Lopata Hall, Room 101
Low-dimensional Manifold Models for Image Registration and Bayesian Statistical Shape Analysis
Investigating clinical hypotheses of diseases and their potential therapeutic implications based on large medical image collections is an important research area in medical imaging. Medical images provide insights about anatomical changes caused by diseases without harmful side effects; hence is critical to disease diagnosis and treatment planning. Characterization and quantification of the anatomical changes poses computational and statistical challenges due to the high-dimensional and nonlinear nature of the data, as well as a vast number of unknown model parameters. In this talk, I will present efficient, robust, and reliable methods to address these problems. My approach entails developing a low-dimensional shape descriptor to represent anatomical changes in large-scale image data sets, and novel Bayesian machine learning methods for analyzing the intrinsic variability of high-dimensional manifold-valued data with automatic dimensionality reduction and parameter estimation. The potential practical applications of this work beyond medical imaging include machine learning, computer vision, and computer graphics.
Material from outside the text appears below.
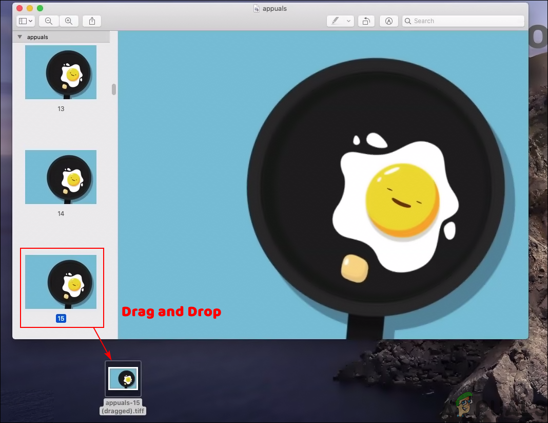 - You will get all the frames of the GIF on the left side. Click on the frame that you want as PNG and drag it to the desktop.

Miaomiao Zhang is an assistant professor in the Department of Computer Science and Engineering at Lehigh University. Her research work focuses on developing novel models at the intersection of statistics, mathematics, and computer engineering in the field of medical and biological imaging. Before joining Lehigh University, Miaomiao completed her Ph.D. degree in Computer Science at University of Utah. After that, she was a postdoctoral associate at Computer Science and Artificial Intelligence Laboratory, Massachusetts Institute of Technology. She received the MICCAI Young Scientist Award 2014 and was a runner-up for the same award at MICCAI 2016.